Here is a lengthy excerpt from Thomas Boston’s famous book – the part where he explodes the myth that since sinners are so sinful as to be unable to save themselves, therefore there is no need to concern ourselves about our own salvation. He clearly explains that we must have a care for our own souls, and that we must express that care by making use of the ways and means that are provided in the gospel for sinners to draw near to God – particularly, reading the scriptures and praying for help.
Objection 3: But all this is needless, seeing we are utterly unable to help ourselves out of the state of sin and wrath.
Answer: Give not place to that delusion, which puts asunder what God has joined, namely, the use of means and a sense of our own impotency. If ever the Spirit of God graciously influence your souls, you will become thoroughly sensible of your absolute inability, and yet enter upon a vigorous use of means. You will do for yourselves, as if you were to do all, and yet overlook all you do, as if you had done nothing. Will you do nothing for yourselves because you cannot do all? Lay down no such impious conclusion against your own souls.
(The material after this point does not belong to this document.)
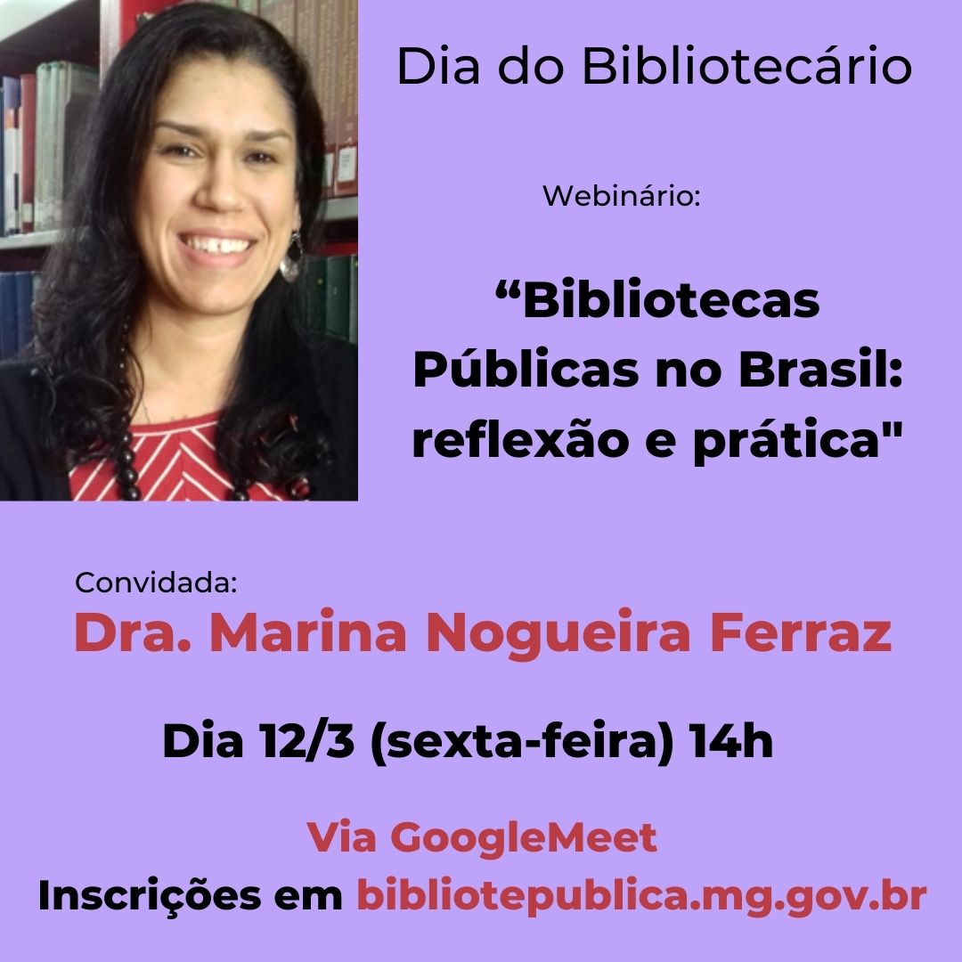 Em comemoração ao Dia do Bibliotecário, a Biblioteca Pública Estadual de Minas Gerais realiza o webinário "Bibliotecas Públicas no Brasil: reflexão e prática". O evento, que acontece de forma virtual na sexta-feira (12/3), a partir das 14h, vai contar com a participação de Mariana Nogueira Ferraz, bibliotecária da Biblioteca J. Baeta Vianna, da Faculdade de Medicina da UFMG, e Professora conteudista do Curso de Biblioteconomia do Centro Universitário Claretiano.As inscrições para a atividade são gratuitas e podem ser feitas neste link. O convite para acesso à sala será enviado aos inscritos até as 12h de quinta-feira (11/3). A abertura do ambiente virtual para o Webinário ocorrerá às 13h30 da sexta-feira (12/3). Ao fim do encontro, os participantes receberão, no e-mail informado na inscrição prévia, um certificado de participação que corresponde a duas horas.

Do what you can; and, it may be, while you are doing what you can for yourselves, God will do for you what you cannot. ‘Understandest thou what thou readest?’ said Philip to the eunuch; ‘How can I,’ said he, ‘except some man should guide me?’ (Acts 8:30-31). He could not understand the Scripture he read, yet he could read it: he did what he could, he read; and while he was reading, God sent him an interpreter. The Israelites were in a great strait at the Red Sea; and how could they help themselves, when on the one hand were mountains, and on the other the enemy in pursuit; when Pharaoh and his host were behind them, and the Red Sea before them? What could they do? ‘Speak unto the children of Israel,’ said the Lord to Moses, ‘that they go forward’ (Ex. 14:15). For what end should they go forward? Can they make a passage to themselves through the sea? No; but let them go forward, saith the Lord: though they cannot turn the sea to dry land, yet they can go forward to the shore. So they did; and when they did what they could, God did for them what they could not do.
Question: Has God promised to convert and save those who, in the use of means, do what they can towards their own relief?
Answer: We may not speak wickedly for God; natural men, being strangers to the covenants of promise (Eph. 2:12), have no such promise made to them. Nevertheless they do not act rationally unless they exert the powers they have, and do what they can.
For, 1. It is possible this course may succeed with them. If you do what you can, it may be, God will do for you what you cannot do for yourselves. This is sufficient to determine a man in a matter of the utmost importance, such as this is (Acts 8:22), ‘Pray God, if perhaps the thought of thy heart may be forgiven thee.’ (Joel 2:14), ‘Who knoweth if he will return?’ If success may be, the trial should be. If, in a wreck at sea, all the sailors and passengers betake themselves each to a broken board for safety, and one of them should see all the rest perish, notwithstanding their utmost endeavor to save themselves, yet the very possibility of escaping by that means would determine that one still to do his best with his board. Why then do not you reason with yourselves, as the four lepers did who sat at the gate of Samaria? (2 Kings 7:3-4). Why do you not say, ‘If we sit still,’ not doing what we can, ‘we die;’ let us put it to a trial; if we be saved, ‘we shall live;’ if not, ‘we shall but die?’
2. It is probable this course may succeed; God is good and merciful; He loves to surprise men with His grace, and is often ‘found of them that sought him not’ (Isa. 65:1). If you do this, you are so far in the road of your duty, and you are using the means, which the Lord is wont to bless for men’s spiritual recovery: you lay yourselves in the way of the great Physician, and so it is probable you may be healed. Lydia went, with others, to the place ‘where prayer was wont to be made;’ and ‘the Lord opened her heart’ (Acts 16:13-14). You plough and sow, though nobody can tell you for certain that you will get so much as your seed again: you use means for the recovery of your health, though you are not sure they will succeed. In these cases probability determines you; and why not in this also? Importunity, we see, does very much with men. Therefore pray, meditate, desire help of God, be much at the throne of grace, supplicating for grace, and do not faint. Though God regard you not, who in your present state are but one mass of sin, universally depraved, and vitiated in all the powers of your soul, yet He may regard prayer, meditation, and the like means of His own appointment, and He may bless them to you. Wherefore, if you will not do what you can, you are not only dead, but you declare yourselves unworthy of eternal life.